Stress itself is not a bad thing. A little bit of stress can serve to compel us to action and enhance our performance. But we can also feel overwhelmed with life’s demands. You can learn to listen to your mind and body and make adjustments so that you take control of stress instead of letting stress control you. Here are a few ways to help manage your stress more effectively.
When feeling stressed or anxious take several slow, deep breaths and as you exhale silently say “calm” to yourself. It’s not as easy as it sounds because when we’re stressed our breathing is quicker and shallower, and we breathe from the chest instead of the belly. Strive to breathe deeply but naturally from the stomach.
2. Be aware of your stressors and your reactions to them.
Reactions can be emotional or physical. When you realize what your stressors are, you can then begin to do something about them. For example, you can prepare emotionally in advance for a meeting, maybe by letting yourself know that while not your favorite activity, you’ve been in difficult meetings before and have done fine. What are you telling yourself about the meaning of events? What we think about events has a profound effect on how we feel about them. You can change the “tape” in your head and move away from perfectionism, and self-criticism.
3. Exercise and eat a healthy diet.
Because of television and magazines you know all about this so I won’t elaborate.
4. Experience gratitude.
Think of the positive things in your life. Spend 30 seconds thinking of how lucky you are to be alive, or grateful to be loved, or in good health, or doing what you love, or how awesome nature’s beauty is. If you really want to try this, write down three things you’re grateful for each day for 21 days and see what happens – you might be surprised. There can even be gratitude for the opportunities that develop from our problems.
5. Slow down.
Try not to multi-task, it requires more mind-body energy. Doing things more slowly and deliberately helps calm the body down. So when feeling stressed do a common activity slowly, carefully and attentively.

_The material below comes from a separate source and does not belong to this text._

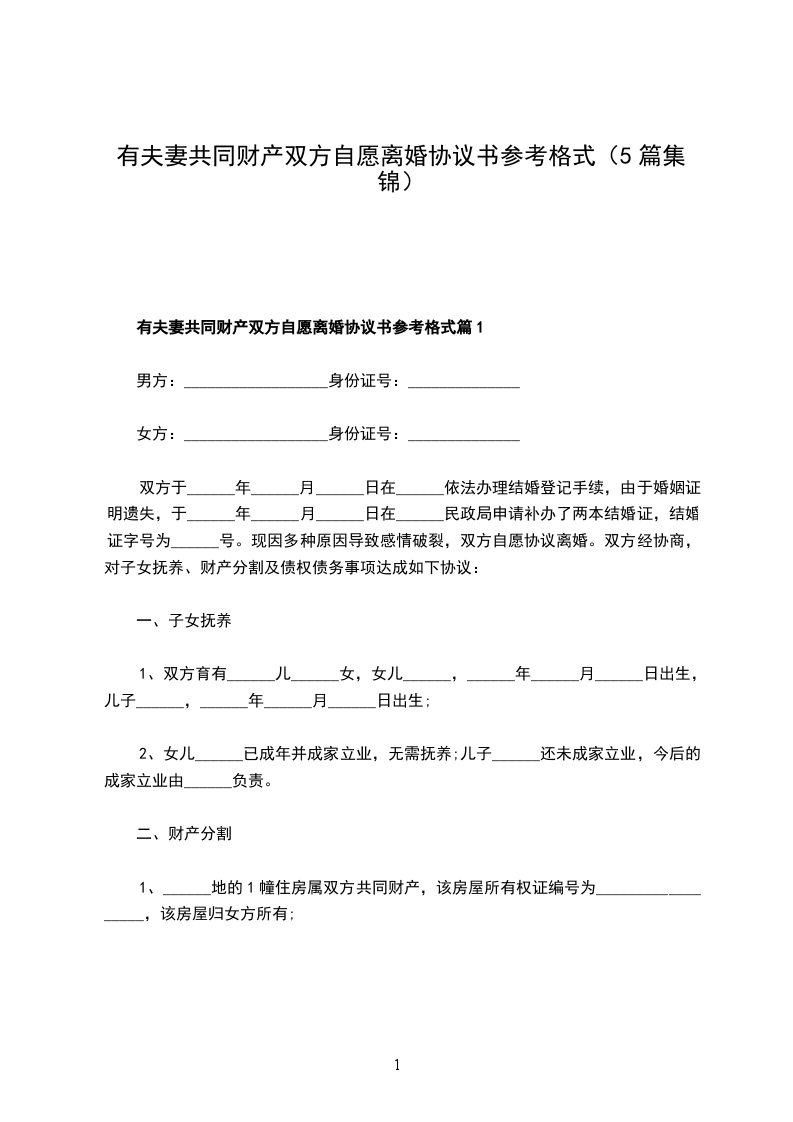 有夫妻共同财产双方自愿离婚协议书参考格式篇1

6. Let it go. Recognize what you can change. Don’t spread yourself too thin. If you’re feeling resentful about helping others or that volunteer committee, maybe you’re overloaded. Put off taking that class, withdraw from that committee. Some things need to be done, just not today. Learn to say “No.” It’s not selfish to be nice to yourself, especially when health is involved. You can decide to not get stressed if there is a circumstance you can’t change – it is what it is, as they say.
Stress is a part of life. Like most things, it’s not the presence or absence of it that matters, but how we deal with it. By paying attention to your thoughts, emotions and physical reactions, and using stress management strategies, you can be more effective in taking control of the stress in your life.